Activity. Please return the lines from the one with "SRM Institute of" through the end of the listing below, word for word, with every picture left out.

Dataset excerpts.
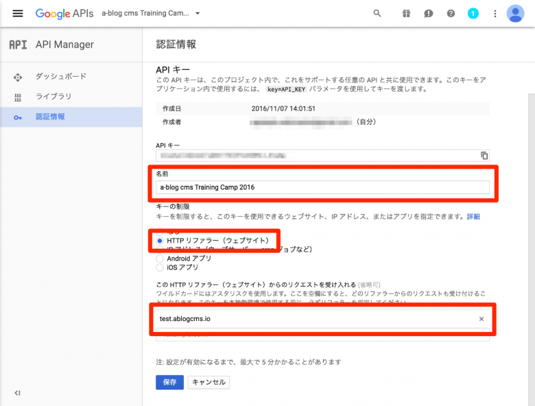 | 名前 | 任意のAPI Key名を入力してください。 |
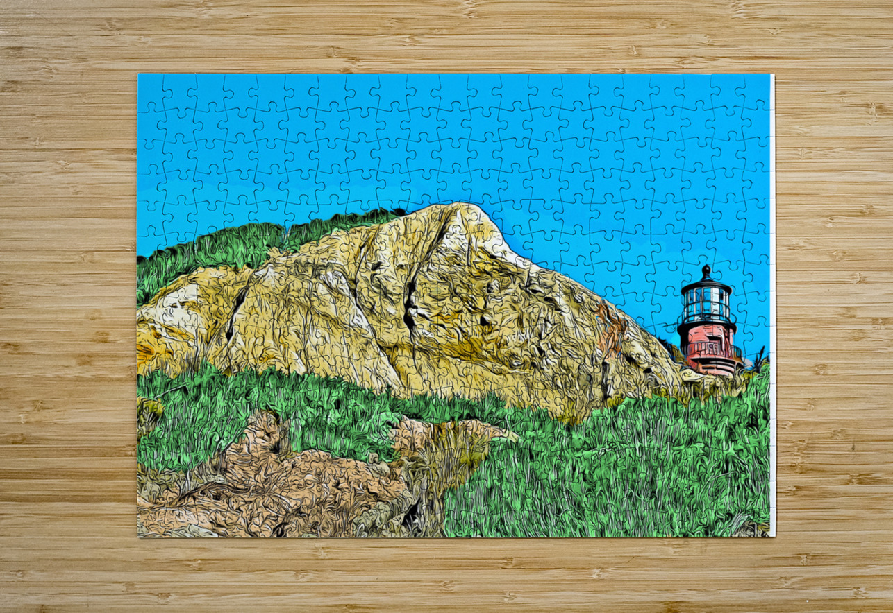 Gay Head Lighthouse Over Cliffs on Marthas Vineyard in Massachusetts - Illus. Allan Wood Puzzle printing
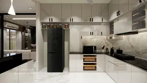 Modular kitchen wall with fridge loft SH shutter unit wicker basket unit microwave and wall unit
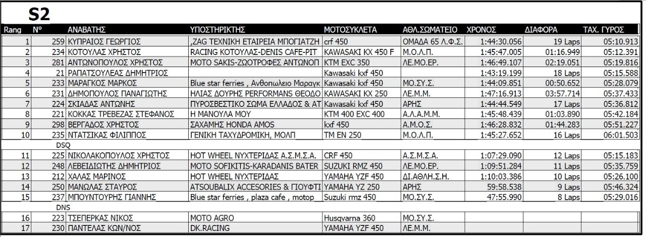 S2, μοτοσυκλέτες 2Τ από 175 cc και άνω, 4Τ 275cc και άνω και δικαίωμα συμμετοχής είχαν αθλητές από 15 ετών και άνω. Κόκκινο φόντο-Λευκοί αριθμοί που ξεκινούν με το ψηφίο 2.
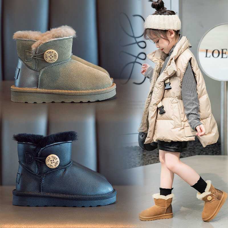 Удерживающие тепло детские утепленные короткие сапоги для мальчиков, из натуральной кожи
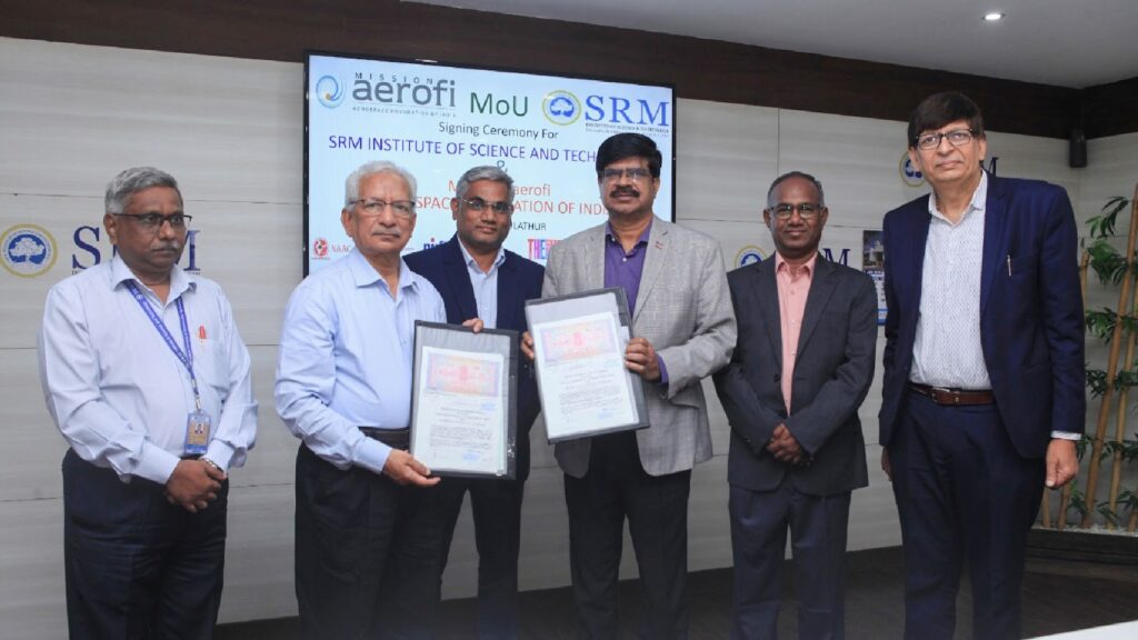 SRM Institute of Science and Technology (SRMIST-KTR), Kattankulathur, signed a Memorandum of Understanding (MoU) with Mission Aerofi, Bangalore, on June 9, 2025, marking a strategic alliance aimed at enhancing research, innovation, and industry-academia collaboration. The ceremony was held at Dr. Venkataraman Ramakrishnan Hall, 15th Floor – University Building, SRMIST-KTR campus.
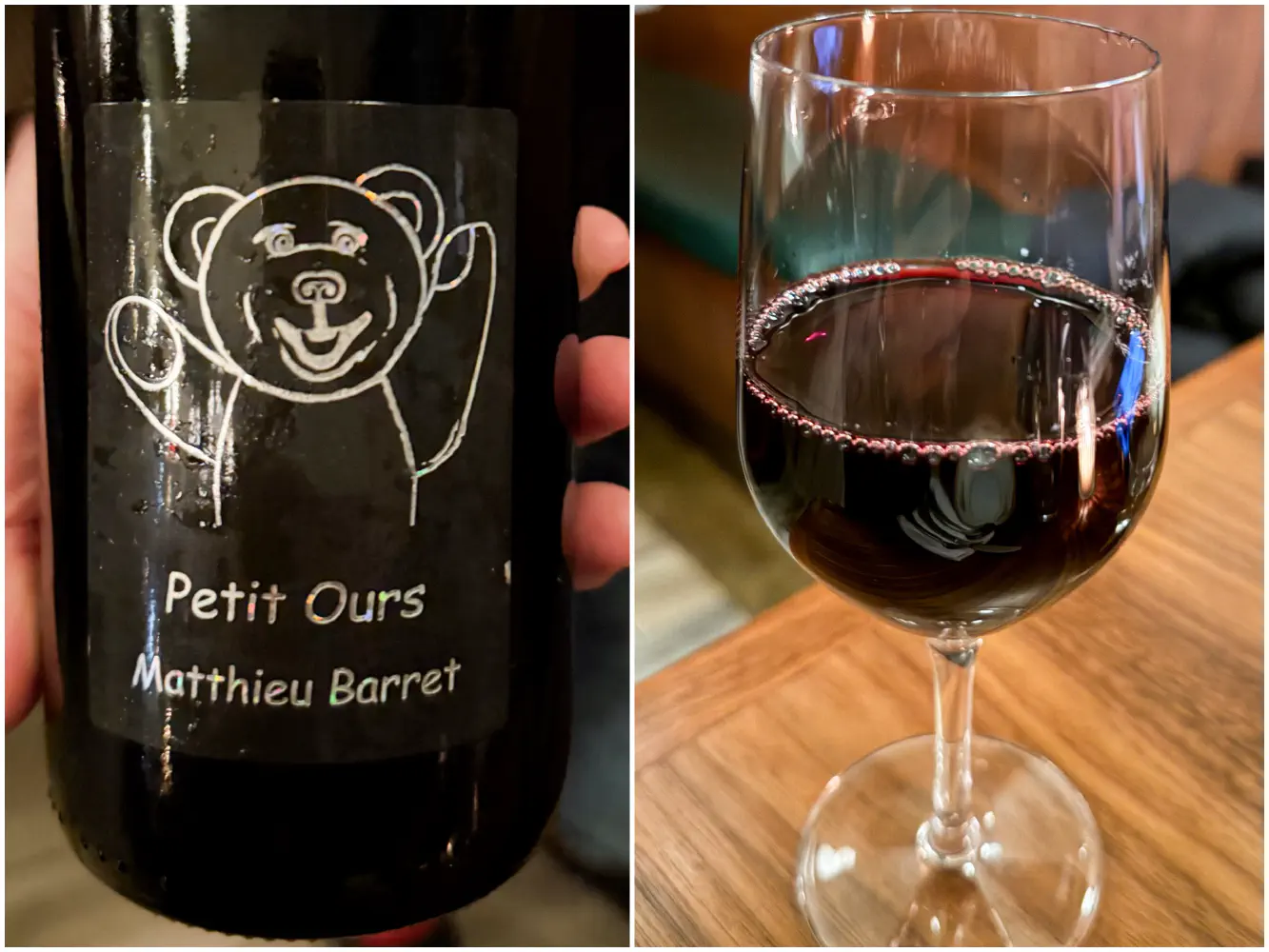The glass of Syrah “Petit Ours” ($17) came from Mathieu Barret, Cotes du Rhone, France 2023. This syrah had a nice berry finish to it. It was very smooth and medium body.

Exercise response.
 SRM Institute of Science and Technology (SRMIST-KTR), Kattankulathur, signed a Memorandum of Understanding (MoU) with Mission Aerofi, Bangalore, on June 9, 2025, marking a strategic alliance aimed at enhancing research, innovation, and industry-academia collaboration. The ceremony was held at Dr. Venkataraman Ramakrishnan Hall, 15th Floor – University Building, SRMIST-KTR campus.
The glass of Syrah “Petit Ours” ($17) came from Mathieu Barret, Cotes du Rhone, France 2023. This syrah had a nice berry finish to it. It was very smooth and medium body.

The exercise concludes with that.